How to avoid car sickness | AA Cars

Car sickness. It’s something that you really don’t want to happen. It means that one of your travelling party is likely to throw up – and no one wants that.

It can affect young and old, toddlers to adults, and it might not even be caused by anything in particular. But the good news is there are some techniques to prevent it or stop it in its tracks. Here are our tips on how to avoid car sickness.

What’s car sickness?

It’s a form of motion sickness, caused by your body’s senses receiving mixed messages. Your eyes are seeing one thing, such as a book or a screen, but your inner ear is sensing lots of movement from the car on the road. Signals from your skin, muscles and joints also have an effect.

This can lead to cold sweats, an upset stomach, fatigue and, potentially, vomiting. Other effects include dizziness, headaches, shortness of breath, pale skin and a feeling of discomfort. 

What can you do to stop it?

There are lots of ways to prevent car sickness or help ease the symptoms if it does strike.

  • Sit in the front – Taking the front passenger seat can be very helpful, as you get the best view out of the car. It means you can focus on the horizon ahead. If that’s not possible, sit where you can see a flat line ahead to focus on that. However, we would advise that children ride in the rear.
  • Try to sleep – By closing your eyes, it stops one of the senses from giving your brain any messages. That reduces input from the outside and means your body can calm down.
  • Open a window – Getting fresh air inside the car can reduce the effects. Try to do it where there aren’t any strong smells, as that can make things worse. Taking deep breaths can also help – in through the nose and out through the mouth.
  • Distractions – Talking, listening to music or singing can stop you thinking about the sickness. 
  • Take breaks – This is especially important on longer journeys. Walking, drinking water and getting some fresh air every 2 hours can help limit the effects.
  • Take medication – There are some medical options that can limit the symptoms. They can help reduce your sickness if taken at the recommended times. Patches are also available. 
  • Eat ginger – Chewing ginger in sweets and biscuits or in a tablet can cut out potential nausea. 

What shouldn’t you do?

If you’re one of those unlucky people prone to falling ill in the car…

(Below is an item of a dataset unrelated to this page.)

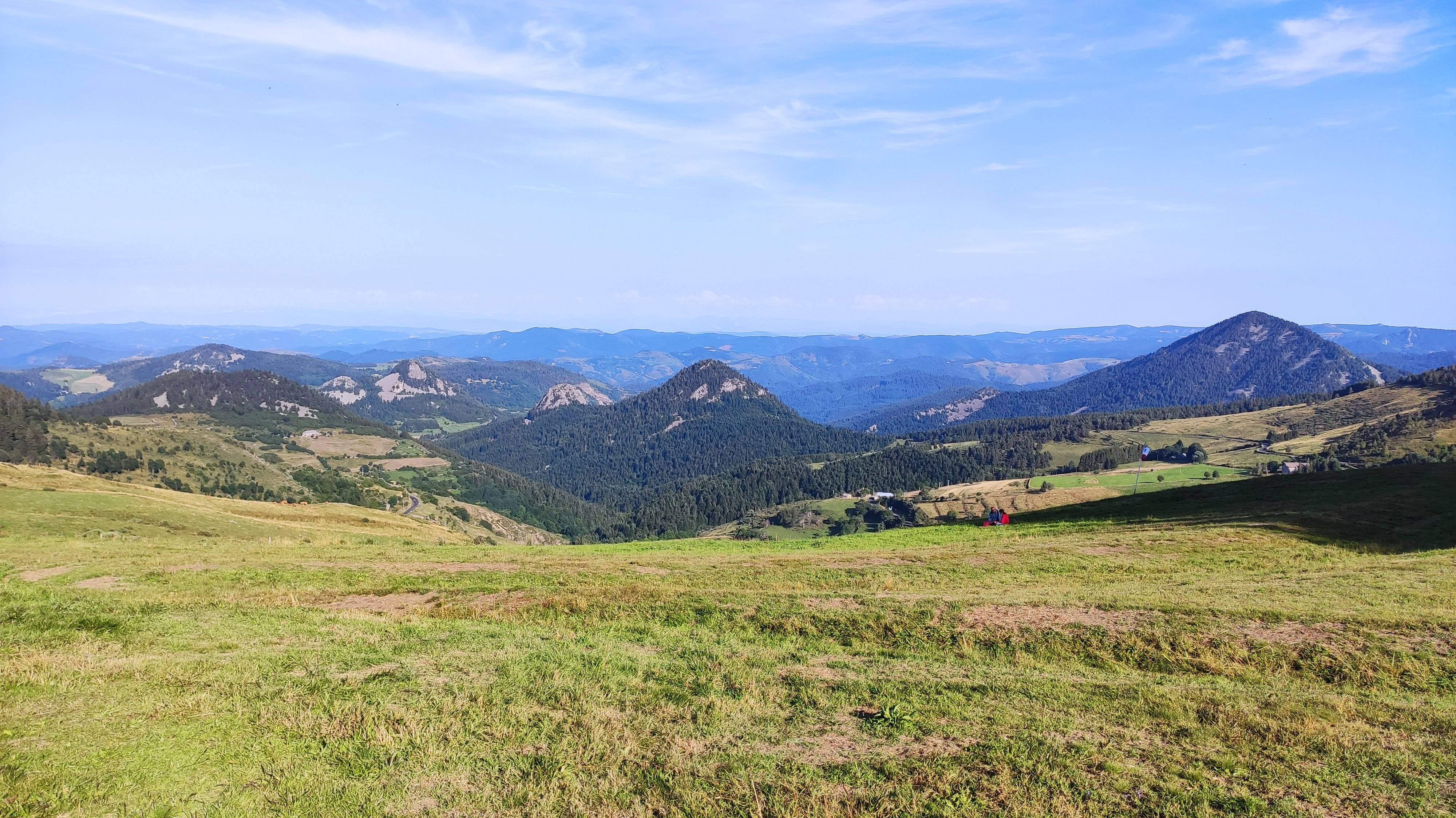 Point de départ des randos du Mézenc. Beaucoup de monde. Beau panorama

  • Don’t watch videos – Watching films or shows on the go can confuse your brain further. 
  • Don’t look at other moving objects – Same as watching videos, this can trick your brain into seeing something the rest of the body isn’t feeling. Watching passing cars can add to the effect of car sickness.
  • Don’t eat large meals before or during journeys – The digestion process uses blood needed to prevent nausea. If you must eat something, stick to light meals. 
  • Don’t read –Reading books, magazines, newspapers or comics can have the same effect on your body as watching videos. So, even if you’ve got that best-seller that you’re simply desperate to lose yourself in, save it for when you’re not in the car and can really enjoy it!